__Task objective__:
Copy down the listing below exactly. Do not include pictures.

__Data segment__:
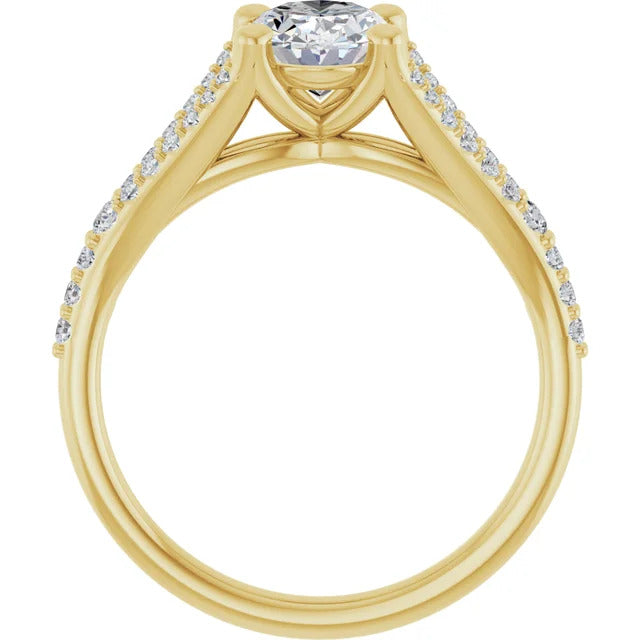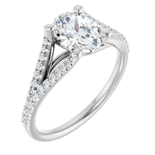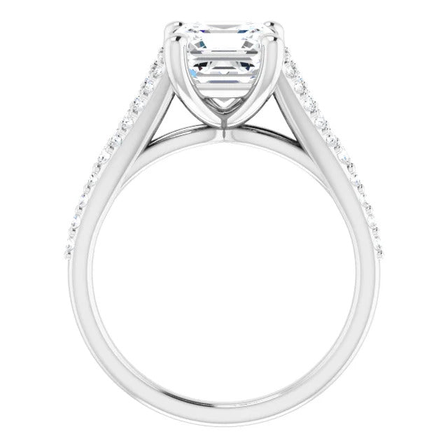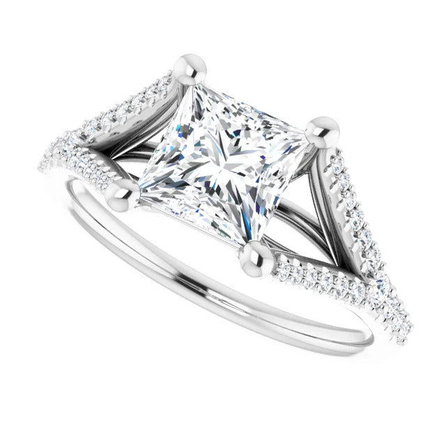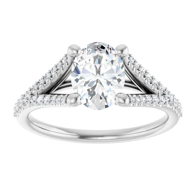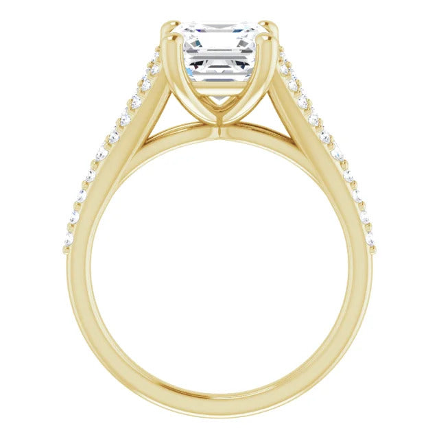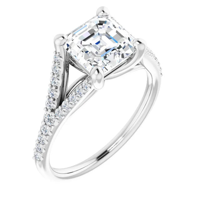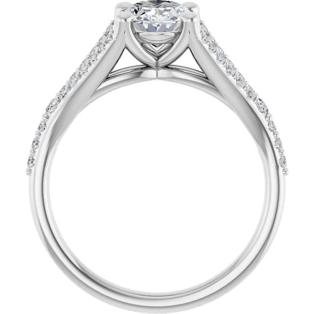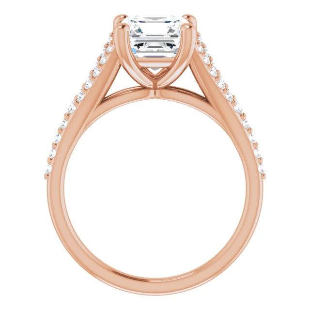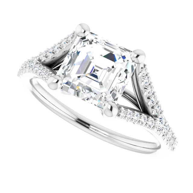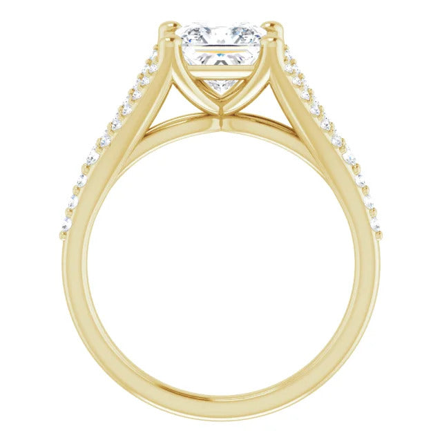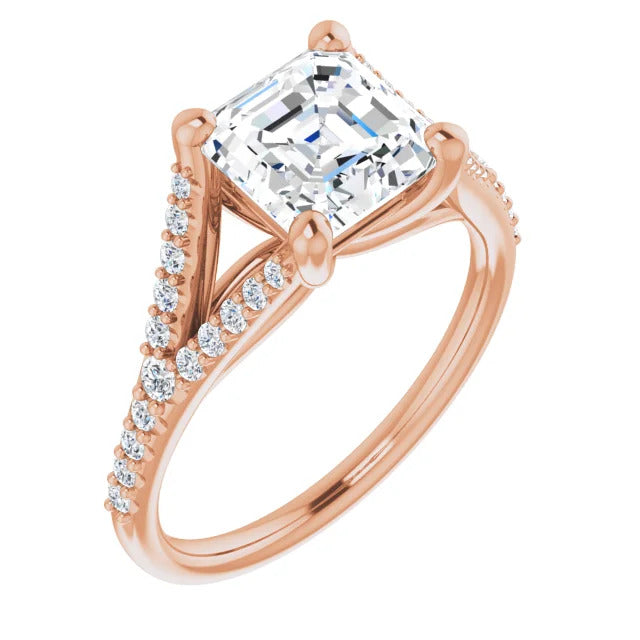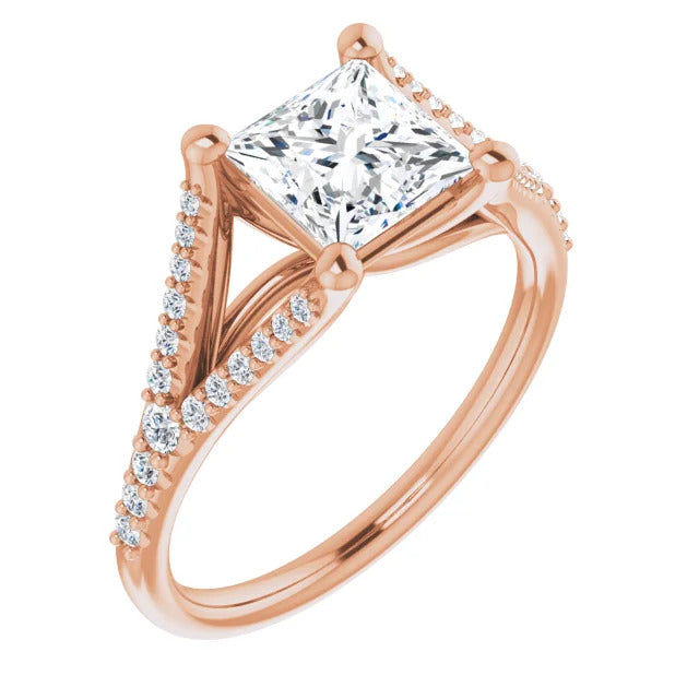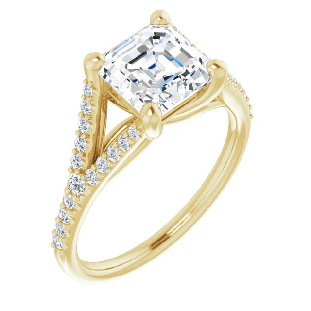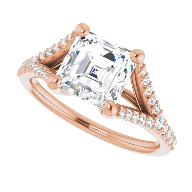 The Milan engagement ring is a dazzling split-shank cathedral setting that showcases shimmering pavé diamonds adorning the shank, adding a dimension of timeless beauty and exceptional craftsmanship.
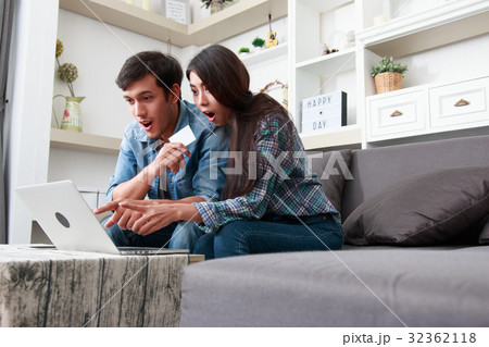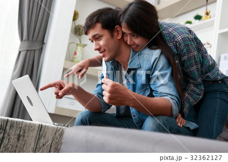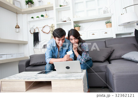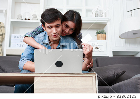Happy couple online shopping at home
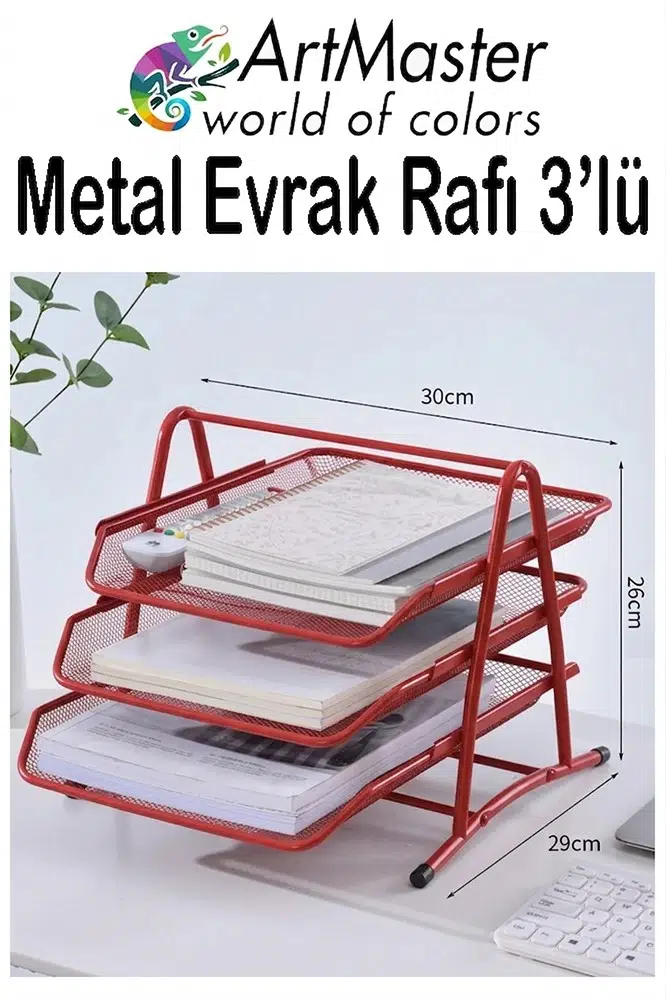 Ürün Adı: Artmaster Kırmızı Metal Evrak Rafı 3 lü 1 Paket Masaüstü A4 Dosya 3 Katlı Düzenleyici Kağıt Tepsisi Metal Fileli Hareketli

__Task answer__:
 The Milan engagement ring is a dazzling split-shank cathedral setting that showcases shimmering pavé diamonds adorning the shank, adding a dimension of timeless beauty and exceptional craftsmanship.
Happy couple online shopping at home
 Ürün Adı: Artmaster Kırmızı Metal Evrak Rafı 3 lü 1 Paket Masaüstü A4 Dosya 3 Katlı Düzenleyici Kağıt Tepsisi Metal Fileli Hareketli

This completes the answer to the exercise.